→ **Data for this task**:
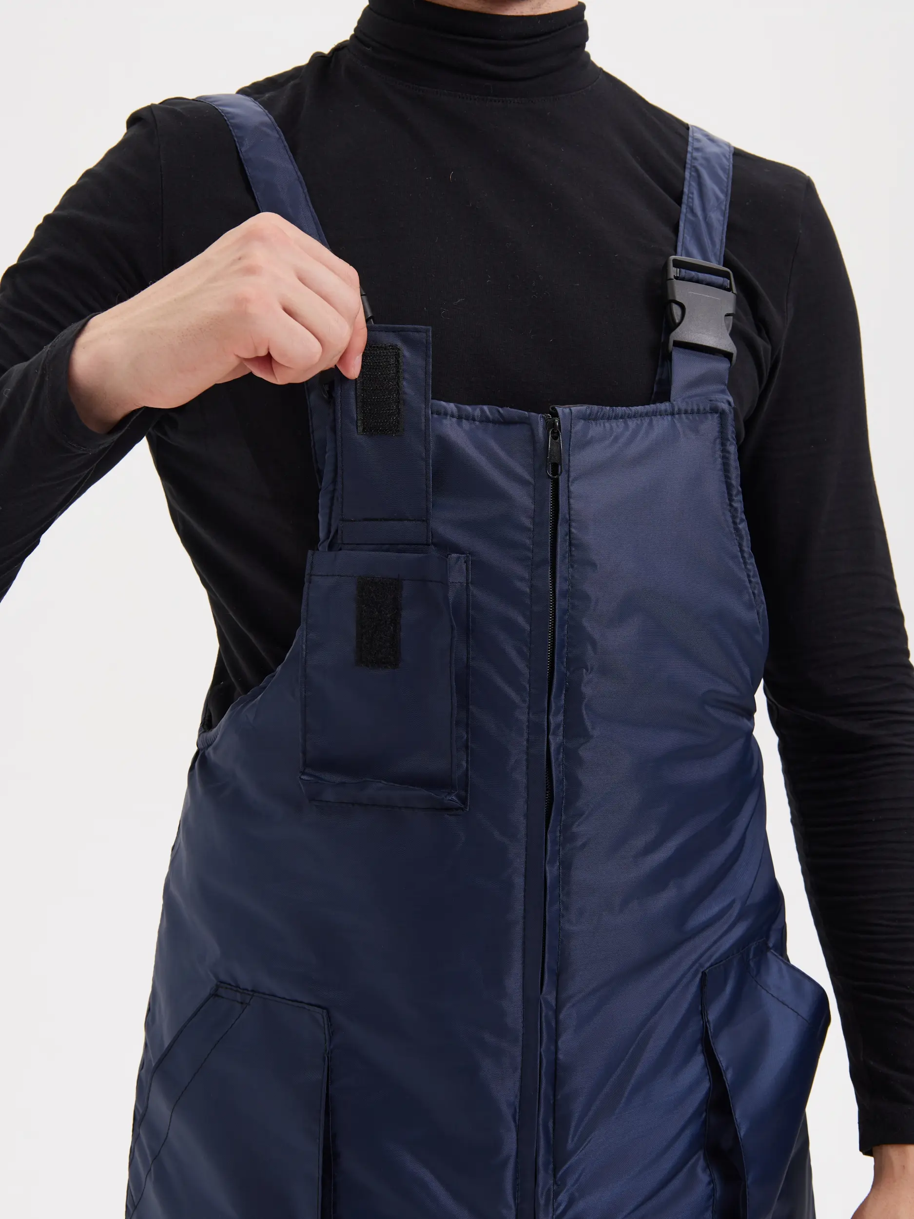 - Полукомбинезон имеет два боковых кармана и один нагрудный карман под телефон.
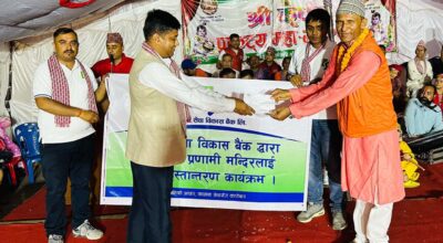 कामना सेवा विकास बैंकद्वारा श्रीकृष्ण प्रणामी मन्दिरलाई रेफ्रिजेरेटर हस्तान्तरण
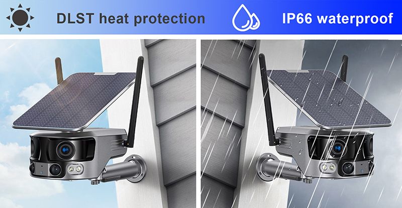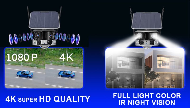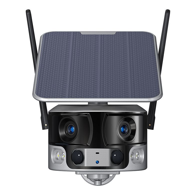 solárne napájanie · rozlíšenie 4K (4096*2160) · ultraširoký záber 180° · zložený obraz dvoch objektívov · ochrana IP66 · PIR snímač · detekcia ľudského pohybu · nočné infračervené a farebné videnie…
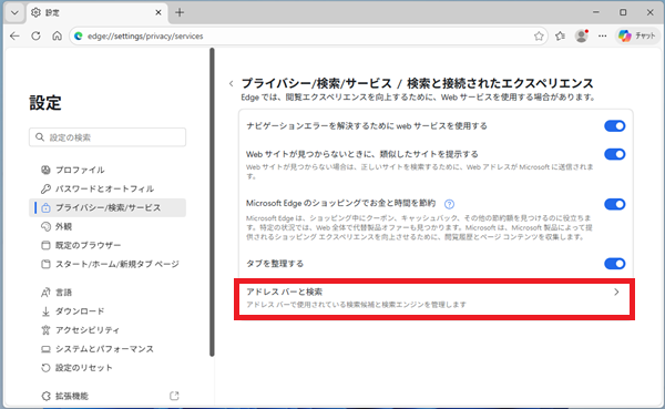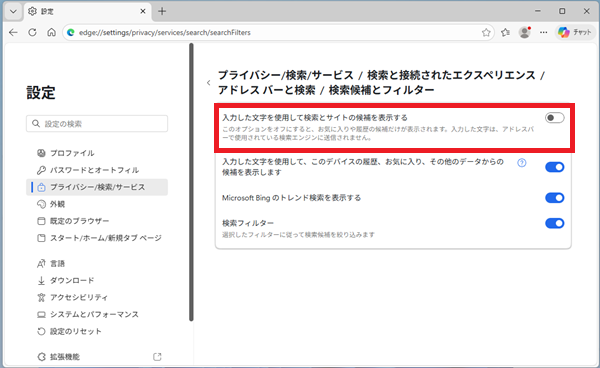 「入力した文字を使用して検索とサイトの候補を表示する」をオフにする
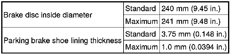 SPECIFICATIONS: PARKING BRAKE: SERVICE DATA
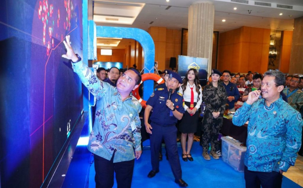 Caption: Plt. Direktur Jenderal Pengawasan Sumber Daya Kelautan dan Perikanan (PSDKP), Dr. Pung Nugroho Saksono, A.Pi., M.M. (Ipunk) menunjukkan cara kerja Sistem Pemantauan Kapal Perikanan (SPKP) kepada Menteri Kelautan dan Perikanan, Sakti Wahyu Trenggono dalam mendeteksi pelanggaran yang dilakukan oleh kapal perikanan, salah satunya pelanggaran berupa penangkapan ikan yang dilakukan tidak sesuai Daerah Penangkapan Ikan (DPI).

→ **Requirement**: Would you output the full listing exactly as it stands, minus the images?

→ **Answer space**:
 - Полукомбинезон имеет два боковых кармана и один нагрудный карман под телефон.
 कामना सेवा विकास बैंकद्वारा श्रीकृष्ण प्रणामी मन्दिरलाई रेफ्रिजेरेटर हस्तान्तरण
 solárne napájanie · rozlíšenie 4K (4096*2160) · ultraširoký záber 180° · zložený obraz dvoch objektívov · ochrana IP66 · PIR snímač · detekcia ľudského pohybu · nočné infračervené a farebné videnie…
 「入力した文字を使用して検索とサイトの候補を表示する」をオフにする
 SPECIFICATIONS: PARKING BRAKE: SERVICE DATA
 Caption: Plt. Direktur Jenderal Pengawasan Sumber Daya Kelautan dan Perikanan (PSDKP), Dr. Pung Nugroho Saksono, A.Pi., M.M. (Ipunk) menunjukkan cara kerja Sistem Pemantauan Kapal Perikanan (SPKP) kepada Menteri Kelautan dan Perikanan, Sakti Wahyu Trenggono dalam mendeteksi pelanggaran yang dilakukan oleh kapal perikanan, salah satunya pelanggaran berupa penangkapan ikan yang dilakukan tidak sesuai Daerah Penangkapan Ikan (DPI).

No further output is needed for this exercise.